Insemination is a simple assisted reproductive procedure that involves the injection of appropriately prepared sperm directly into the uterine cavity. Insemination can be performed with your partner's sperm (AIH) or, in situations such as azoospermia and the inability to obtain sperm from the testicle or epididymis, with donor sperm (AID). We can help in both situations.
Indications for intrauterine insemination are:
Disorders of semen liquefaction
Ejaculatory disorders (including retrograde ejaculation)
Problems with intercourse
Cervical factors
Use of donor sperm due to male factor infertility.
The IUI procedure requires a prior evaluation of the anatomy of the reproductive organs and, in particular, confirmation of the patency of the fallopian tubes. The patient and her partner may decide on insemination in undetermined infertility, with a moderate male factor and in the absence of indications, and also when no previous test of fallopian tube patency has been performed, as long as the couple is fully aware of the possible consequences and estimated efficacy of the procedure. It is important to remember that the use of natural cycle insemination for the treatment of indeterminate infertility and/or stage I or II endometriosis has a low efficacy that is comparable to a wait-and-see procedure.

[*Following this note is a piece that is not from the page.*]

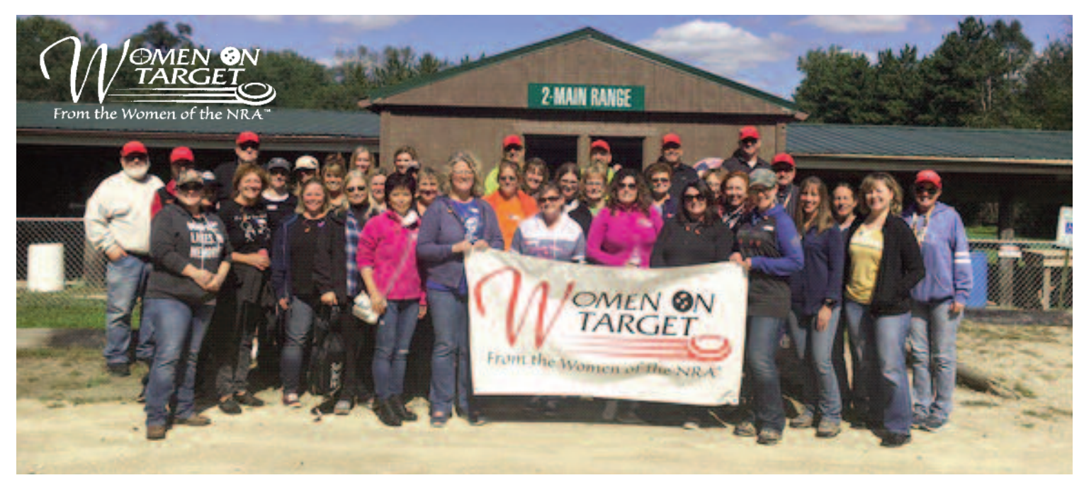
We hosted our 2nd annual Women on Target at the club on Sept 22. We had 31 ladies show up for the class. Learning firearm safety and handling, target shooting with .22 pistols and .22 rifles. It was a great day empowering women! Thank you to all who came out and all who volunteered! Looking forward to next year!

Insemination, depending on the clinical situation, can be performed in a natural or stimulated cycle. Stimulation of ovulation prior to insemination is acceptable and may increase the effectiveness of the procedure, but should only be used when at most 3 pre-ovulatory ovarian follicles are present. A greater number of follicles may significantly increase the risk of a multifetal pregnancy. The couple should be informed of possible complications before starting treatment.

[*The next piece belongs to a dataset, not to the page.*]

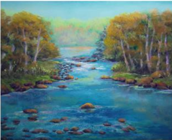
O. Lush Sol Duc River - Pastel
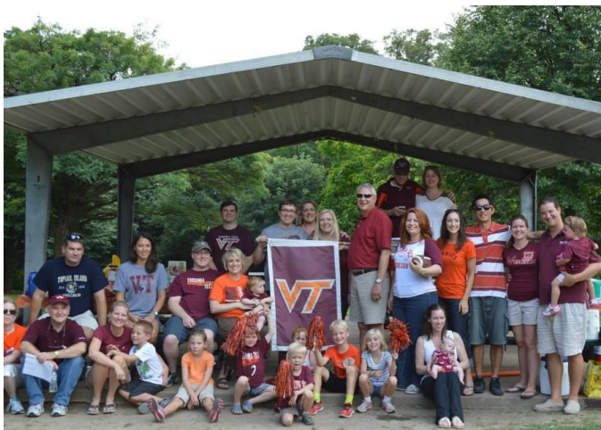
The newly re-organized St. Louis Chapter hosted its first Summer Picnic this year!

Intrauterine insemination treatment of infertility should be offered for up to 3 cycles. Subsequent inseminations may be performed at the patient's request. The couple should be informed that subsequent cycles of insemination have a lower efficacy than the first three cycles. Routine administration of progestagens after insemination is not justified in scientific studies except for cycles in which gonadotropin stimulation has been performed.